Optimiser les performances
La vitesse d’un réseau dépend de plusieurs facteurs mesurables :
- La bande passante : volume de données transmissible par seconde (ex. 1 Gbps en fibre).
- La latence : temps qu’un paquet met pour aller d’un point A à un point B (mesuré en millisecondes). Une latence de 5 ms est excellente ; au-delà de 100 ms, les appels vidéo deviennent pénibles.
- La gigue (jitter) : variation de la latence. Une gigue élevée dégrade la qualité des appels VoIP même si la bande passante est suffisante.
La QoS (Quality of Service) permet de prioriser certains flux — par exemple, donner la priorité aux appels Teams sur les téléchargements de mises à jour.
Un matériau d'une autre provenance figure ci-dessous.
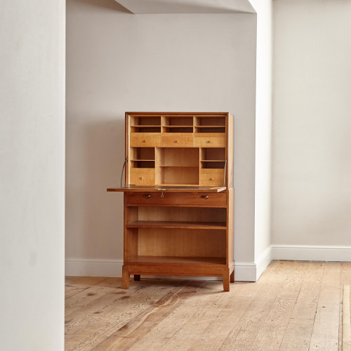 In two parts, the upper section with a fall front, below a frieze of blind fretwork and a dentil cornice. Secured by a sprung Chubbs lock enclosing a fitted interior of drawers with axe-head handles and pigeonholes behind the leather-lined writing surface, with an integral ratcheted slope. The lower section with two doors enclosing a fitted interior of drawers. All on cabriole spade feet.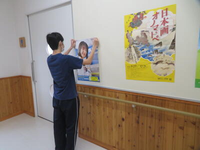 月に1回程度、各委員会での活動を実施しており、先日の活動日には本部役員会は群馬県の特別支援学校作業製品のブランド化に係る統一ロゴマークの愛称について意見を出し合いました。保健委員会では来月におこなわれる「あがとく祭」において来場者に普段の活動を知ってもらおうと、活動紹介ポスターの作成をしました。広報委員会では美術館や博物館の特別展開催案内、他の特別支援学校の文化祭開催案内といった各種のポスターを掲示しました。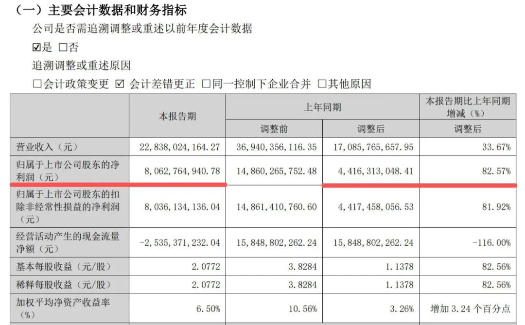 据五粮液同日披露的更新后的2025年一季报,期内调整后的营业收入为170.86亿元,归母净利润为44.17亿元。五粮液表示,公司对2025年业务模式进行梳理,基于谨慎性原则,调整2025年部分业务收入确认相关核算。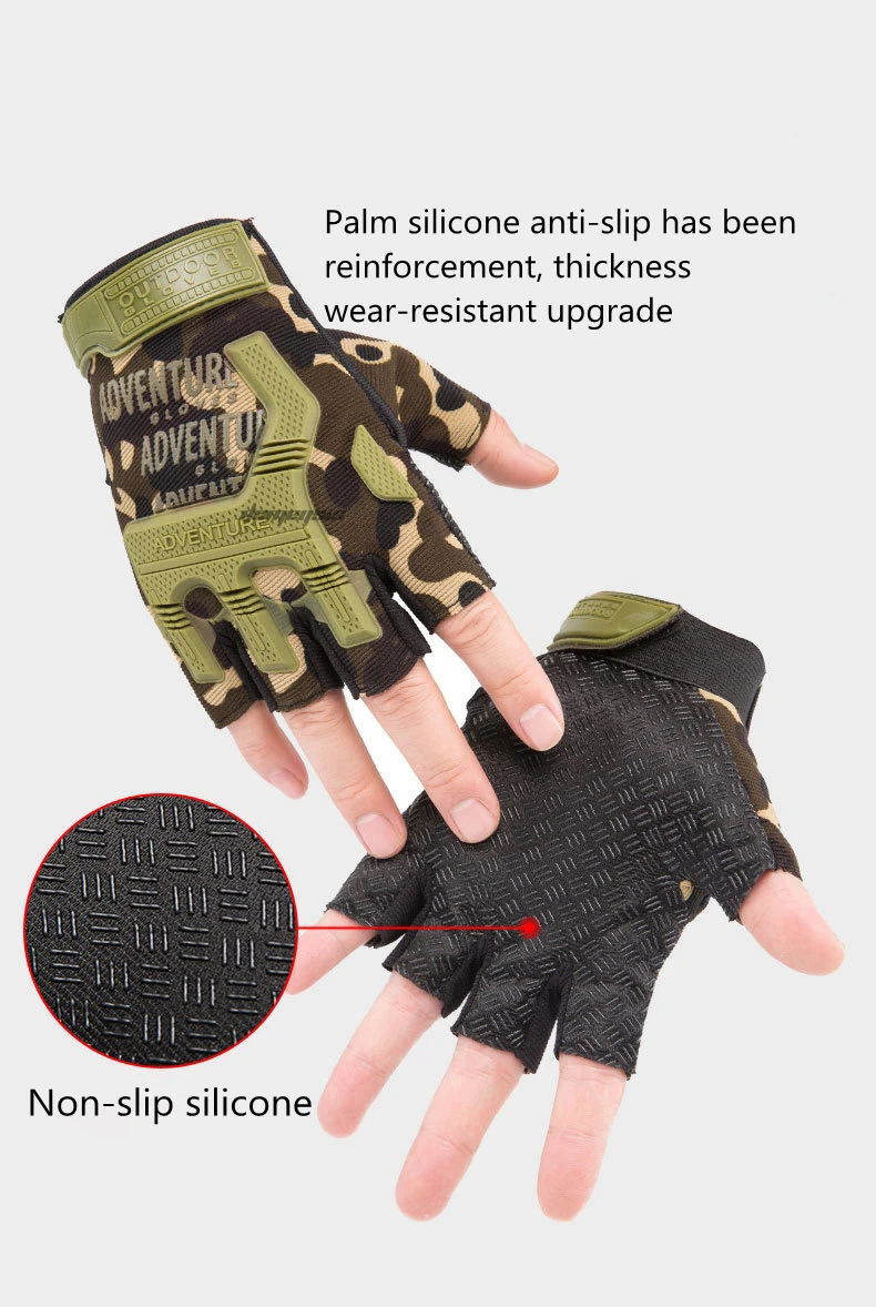 Guantes tácticos de camuflaje, guantes de entrenamiento antideslizantes de medio dedo para ciclismo, guantes de combate sin dedos para caza y senderismo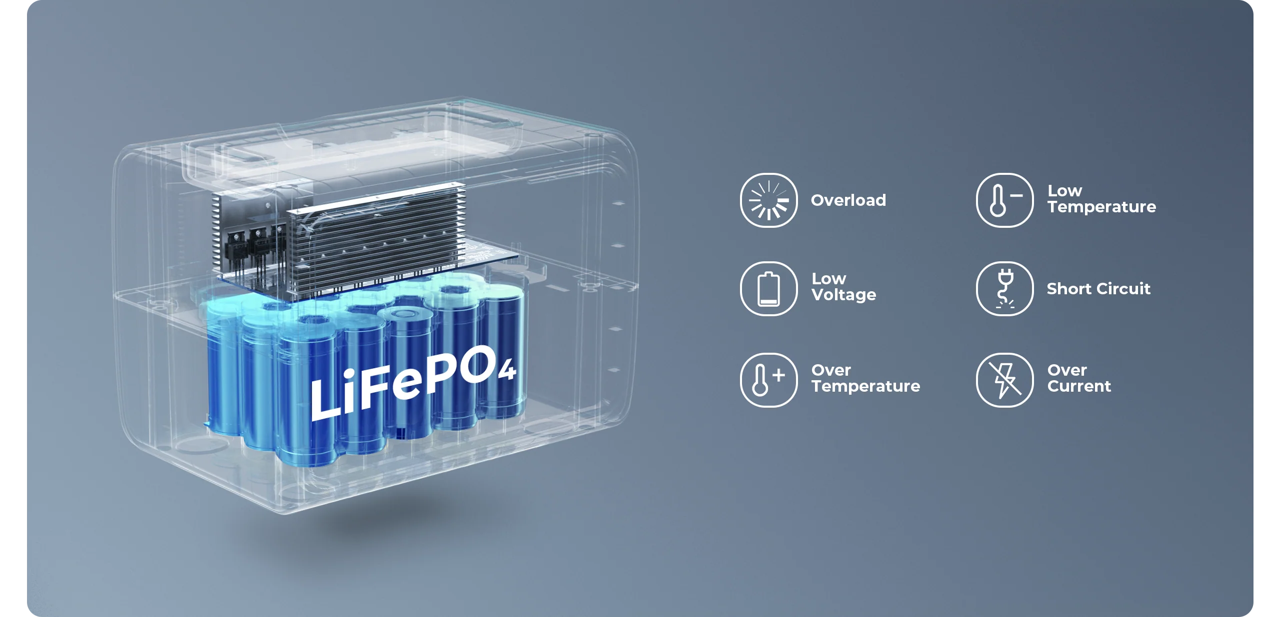LiFePO₄ chemistry integrated in BLUETTI battery-powered stations possesses a longer lifespan, higher discharge efficiency, and adaptivity to wider range of temperatures than traditional conterparts. It can also provide 100% of its rated capacity while maintaining optimum performance.

C’est une option disponible sur la plupart des routeurs professionnels, souvent ignorée faute de configuration. Si vous voulez aller plus loin sur le choix et l’installation du matériel réseau, notre article sur comment choisir son routeur détaille les critères clés selon votre usage.
Questions fréquentes
Quelle est la différence entre un routeur et un commutateur ?
Le routeur connecte votre réseau local à Internet et gère les échanges entre réseaux différents. Le commutateur (switch) relie uniquement les appareils au sein d’un même réseau local, en leur permettant de communiquer entre eux. En pratique, votre box opérateur combine les deux fonctions, mais une entreprise les sépare pour de meilleures performances.
Combien d’appareils peut-on connecter sur un réseau domestique ?
Techniquement, un routeur domestique standard gère entre 50 et 254 appareils sur un sous-réseau IPv4 classique. En pratique, les performances se dégradent au-delà de 20 à 30 appareils actifs simultanément, surtout sur le Wi-Fi. Pour une maison connectée avec beaucoup d’objets IoT, segmenter le réseau en VLAN améliore la stabilité.
Qu’est-ce que le DNS et pourquoi est-il important ?
Le DNS (Domain Name System) est le système qui traduit les noms de domaine lisibles (comme wikipedia.org) en adresses IP numériques que les machines comprennent. Sans DNS, naviguer sur Internet imposerait de mémoriser des suites de chiffres. Changer de serveur DNS (par exemple passer au DNS public de Cloudflare 1.1.1.1) peut réduire la latence de résolution de nom et améliorer la confidentialité.
Quelle différence entre une adresse IP et une adresse MAC ?
L’adresse MAC est gravée dans la carte réseau à la fabrication — c’est un identifiant matériel unique, utilisé à l’intérieur d’un réseau local (couche 2 du modèle OSI). L’adresse IP est attribuée logiquement et peut changer ; elle sert au routage sur Internet (couche 3). La communication locale utilise les MAC, la communication sur Internet utilise les IP.
Est-ce qu’IPv6 va remplacer IPv4 complètement ?
La migration vers IPv6 est en cours depuis les années 2000, mais IPv4 reste dominant sur la plupart des réseaux grâce au mécanisme NAT qui permet de faire coexister des milliers d’appareils derrière une seule adresse publique. En France, les opérateurs déploient progressivement la double pile IPv4/IPv6. Le remplacement total d’IPv4 n’est pas attendu avant de nombreuses années — les deux protocoles cohabitent.